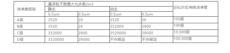 中國GMP(2010年修訂)新版GMP附錄1 無菌藥品.第三章.第九條……潔凈區(qū)各級別空氣懸浮粒子的標(biāo)準(zhǔn)規(guī)定如下
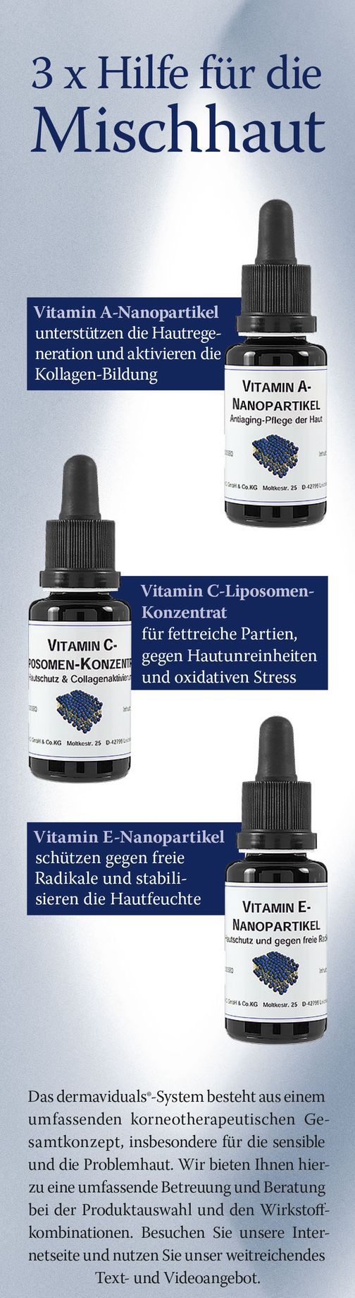 Wir freuen uns, Ihnen mit Dermaviduals einen außergewöhnlichen Partner im Bereich der dermatologischen Kosmetik vorstellen zu dürfen.
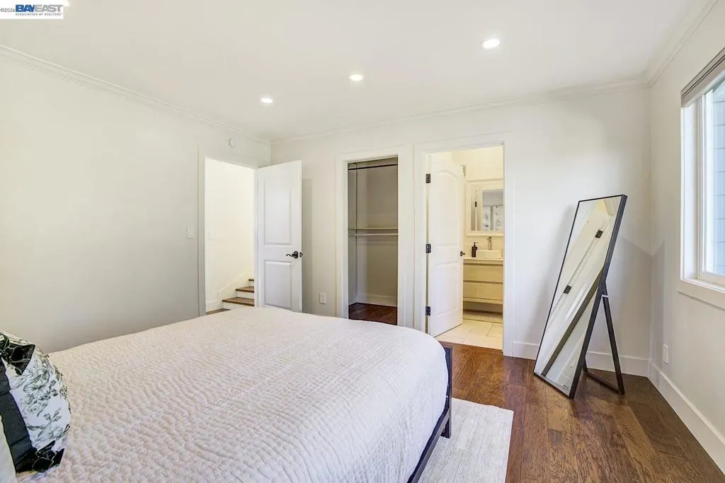 Elegant and Timeless Living with Flexible Spaces and an Elevated Setting. Beautiful North East–facing Craftsman home in Castro Valley offering a bright, open floor plan and flexible living spaces. The main level features four bedrooms and three-and-a-half bathrooms, complemented by a spacious kitchen with quartzite countertops, a gas range, stainless steel appliances, engineered wood flooring, recessed lighting, and updated bathrooms. Natural light fills the living areas, creating a comfortable and welcoming atmosphere. The lower level offers a private living area with a kitchenette and a bonus room, ideal for extended family or guests. Outdoor living is enhanced by a backyard with a Trex deck and a fully equipped outdoor kitchen, perfect for entertaining or relaxing at home. An elevated setting provides open hillside views, enhancing privacy, light, and a sense of space. Up to 400 square feet of additional bonus living space, offering extra flexibility for living, work or entertainment. Conveniently located within walking distance to an elementary school, and close to downtown Castro Valley, Lake Chabot Regional Park, BART, and major commuter routes including I-580 and I-880.
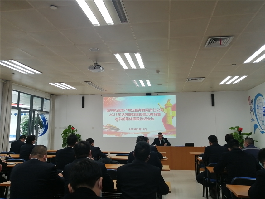 為深入學(xué)習(xí)貫徹黨的二十大及二十屆中央紀(jì)委二次全會會議精神,推進公司全面從嚴(yán)治黨和黨風(fēng)廉政建設(shè)工作,增強全體黨員干部的廉潔自律意識,營造風(fēng)清氣正的廉潔過節(jié)氛圍,2023年1月17日南寧軌道地產(chǎn)物業(yè)公司黨支部在東站樞紐培訓(xùn)室召開2023年黨風(fēng)廉政建設(shè)警示教育暨春節(jié)前集體廉潔談話,公司全體黨員、入黨積極分子、中層管理人員共47人參加了此次會議。

▸ **Your goal**
Print every line of the data exactly. Pictures do not belong in the copy.

▸ **Answer below**
 中國GMP(2010年修訂)新版GMP附錄1 無菌藥品.第三章.第九條……潔凈區(qū)各級別空氣懸浮粒子的標(biāo)準(zhǔn)規(guī)定如下
 Wir freuen uns, Ihnen mit Dermaviduals einen außergewöhnlichen Partner im Bereich der dermatologischen Kosmetik vorstellen zu dürfen.
 Elegant and Timeless Living with Flexible Spaces and an Elevated Setting. Beautiful North East–facing Craftsman home in Castro Valley offering a bright, open floor plan and flexible living spaces. The main level features four bedrooms and three-and-a-half bathrooms, complemented by a spacious kitchen with quartzite countertops, a gas range, stainless steel appliances, engineered wood flooring, recessed lighting, and updated bathrooms. Natural light fills the living areas, creating a comfortable and welcoming atmosphere. The lower level offers a private living area with a kitchenette and a bonus room, ideal for extended family or guests. Outdoor living is enhanced by a backyard with a Trex deck and a fully equipped outdoor kitchen, perfect for entertaining or relaxing at home. An elevated setting provides open hillside views, enhancing privacy, light, and a sense of space. Up to 400 square feet of additional bonus living space, offering extra flexibility for living, work or entertainment. Conveniently located within walking distance to an elementary school, and close to downtown Castro Valley, Lake Chabot Regional Park, BART, and major commuter routes including I-580 and I-880.
 為深入學(xué)習(xí)貫徹黨的二十大及二十屆中央紀(jì)委二次全會會議精神,推進公司全面從嚴(yán)治黨和黨風(fēng)廉政建設(shè)工作,增強全體黨員干部的廉潔自律意識,營造風(fēng)清氣正的廉潔過節(jié)氛圍,2023年1月17日南寧軌道地產(chǎn)物業(yè)公司黨支部在東站樞紐培訓(xùn)室召開2023年黨風(fēng)廉政建設(shè)警示教育暨春節(jié)前集體廉潔談話,公司全體黨員、入黨積極分子、中層管理人員共47人參加了此次會議。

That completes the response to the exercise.